We allow children to make irreversible decisions about their lives all the time, ideally with the guidance and support of the communities that care for them. Sometimes they regret those decisions. The stakes vary, but they are real. So what are we saying, really, when we worry that a child will regret this particular decision, the decision to transition? And how is it different, really, from the decision I made to quit competitive swimming? (https://www.nytimes.com/2023/12/01/opinion/politics/life-without-regret.html)

Lydia admits that many people will see the comparison as absurd, but she wants to challenge this instinct and insists that the comparison is genuine.  The issue here is not one of argumentation or her reasoning process.  Instead, it is much more fundamental.  Lydia’s error is an error of basic understanding. 

In older Catholic thought, there were several different types of virtues.  Chiefly there were the three theological virtues: faith, hope, and charity.  There were the four moral or cardinal virtues: prudence, justice, fortitude, and temperance.  These two sets of virtues are still talked about often.  But there remains a third type of virtue, the intellectual virtues.  The intellectual virtues enable one to think and reason properly.  They are as follows: understanding, science, wisdom, art, and prudence.  The first three, understanding, science, and art, are virtues of the speculative intellect.  They help us know things well and make reasoned deductions from what we know to increase our knowledge.  The last two, art and prudence, are virtues of the practical intellect, they help us apply our knowledge to making and doing things. 

Among all the intellectual virtues, the most foundational is understanding (in Latin, intellectus).  Understanding is the intellectual virtue that enables one to grasp first principles and basic reality.  It is understanding that allows one to perceive the differences between things in the world.  Understanding allows one to just know that the principle of non-contradiction is true (a thing cannot both be and not-be at the same time and in the same way).  It refines one’s ability to size up a situation and recognize the key details.  Without this virtue, our perception of reality is warped and simply incorrect. 

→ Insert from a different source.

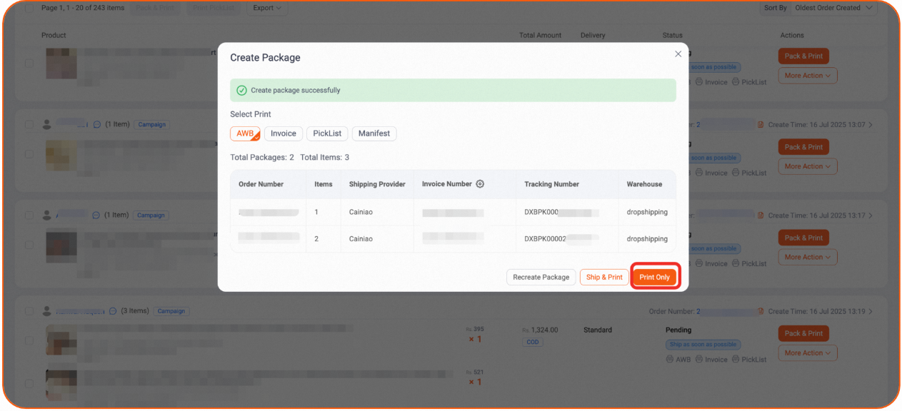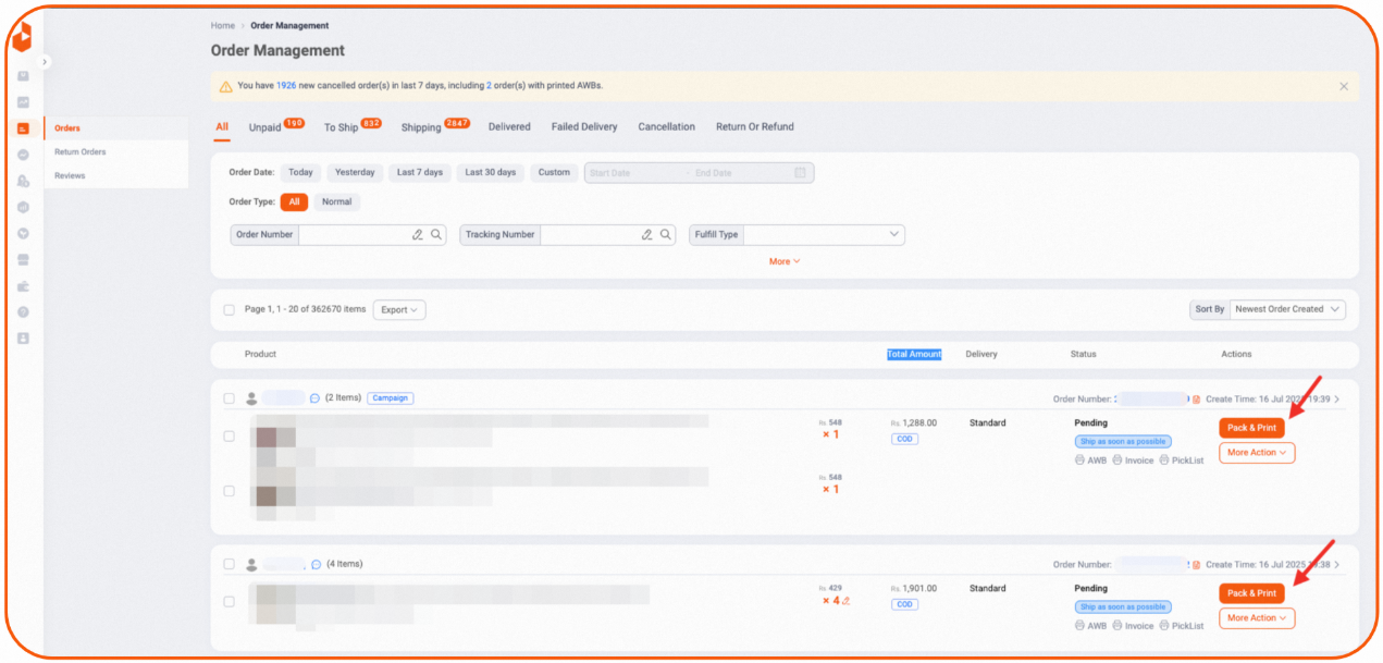 第一步:商家后台进入「Order Management」,筛选实付金额≥1000 PKR订单 , 点击 Pack & Print

The intellectual virtue that modern education focuses on is science.  The modern emphasis on critical reasoning, argumentation, and logic is basically a modern notion of the intellectual virtue of science.  Traditionally, science was the intellectual virtue of reasoning, of moving from principles to conclusions correctly.  People will often attack their intellectual opponents by pointing out logical errors or gaps.  While the virtue of science is genuinely important, it relies on the previous virtue of understanding – one’s reasoning will be faulty or useless if one’s perception of reality is wrong. 

We cannot really argue with someone who claims that choosing to play competitive sports is analogous to choosing to transition one’s gender.  These are just two very different things.  It is not by the virtue of science that we know this, but by the virtue of understanding.  We just perceive and recognize that these are incomparable.  Failures in the virtue of understanding cannot be solved by the exercise of the virtue of science, we must address this different and more fundamental error. 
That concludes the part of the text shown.